On an unusually warm day this February, I was walking around Harvard Square, enjoying the vibrant energy of shoppers, and the beautiful weather. I stopped to watch a pantomime artist who was pretending that he was scaling the wall of a store on an imaginary ladder. He pulled the “ladder” off the roof off the back of a truck parked nearby, leaned it against the building, and proceeded to “climb.” It was a wonderful skit, very funny. He truly made it seem like the non-existent ladder was alternately sliding to the right and the left while he desperately clung on for dear life as he tried to keep his balance.
A young boy, probably five years of age or so, held his mother’s hand and looked on at the show, totally engrossed in the drama. After a few minutes of observing, he looked up at his mother and said, “If that man really wanted to climb up that building, mom, he needs a real ladder. It would be dumb if he thought he could get to the roof with a fake one.”

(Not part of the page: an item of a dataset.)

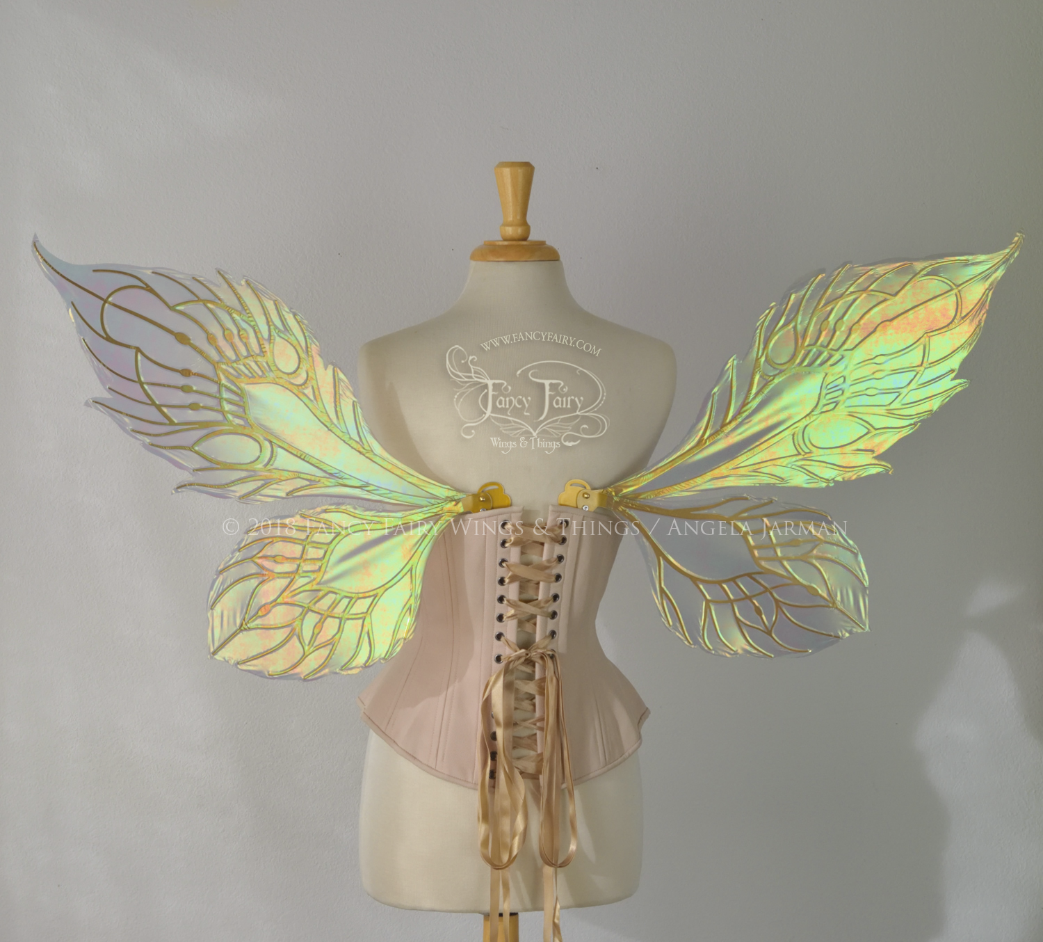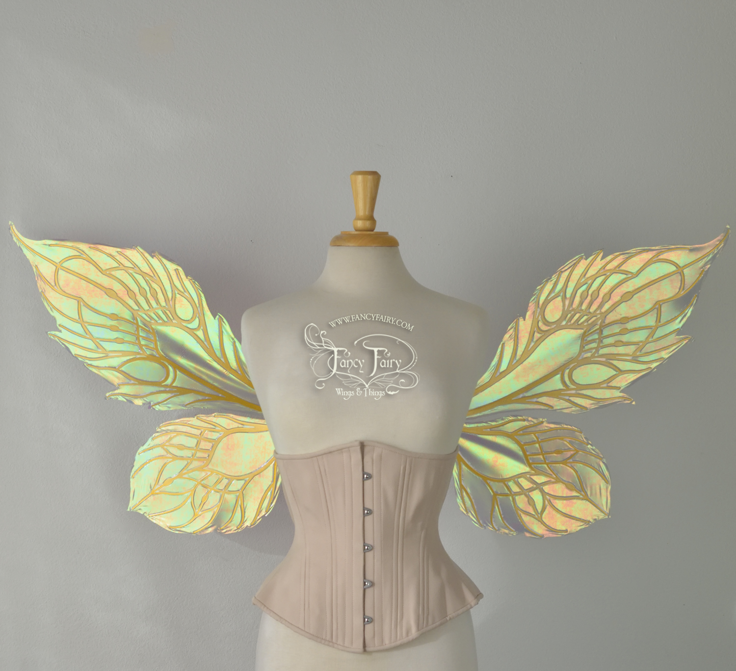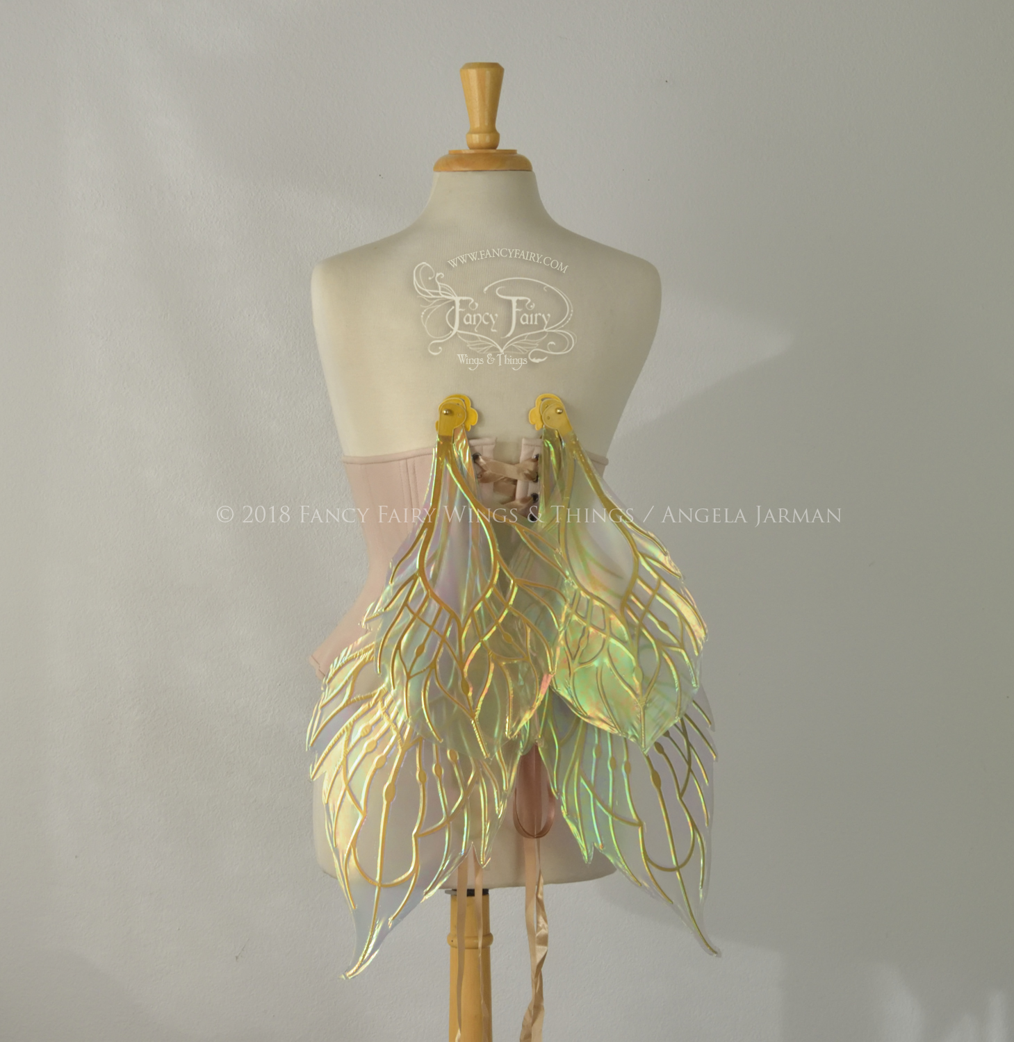 Introducing the Sintra design from the new Ethereal Collection of convertible fairy wings, now they can be positioned in either an 'up' or a resting 'down' position without compromising the metal with harsh bending. These have been laminated in the Patina Green iridescent film, and the metal veins are metallic gold.

Wow, life had sent me an ordinary guru with perfect timing. Foolishly, at the time, I was doing this very thing. I was using an imaginary ladder to try to climb up and over an obstacle, a personal family issue with my sister. I had lots of talks with her about how her actions had upset me. But all of them were in my head. Self talk. What a burst of insight from the young child! If I was going to resolve the issue, I was going to have to stop using an imaginary phone to engage in pretend conversations. It was time to dial her number and talk the matter through — for real.
Thank you, young guru, for pointing out that it’s stupid of me to think I can climb to where I want to be by simply imagining what I have to do, but not acting on it. A real ladder is the only way to get to the top.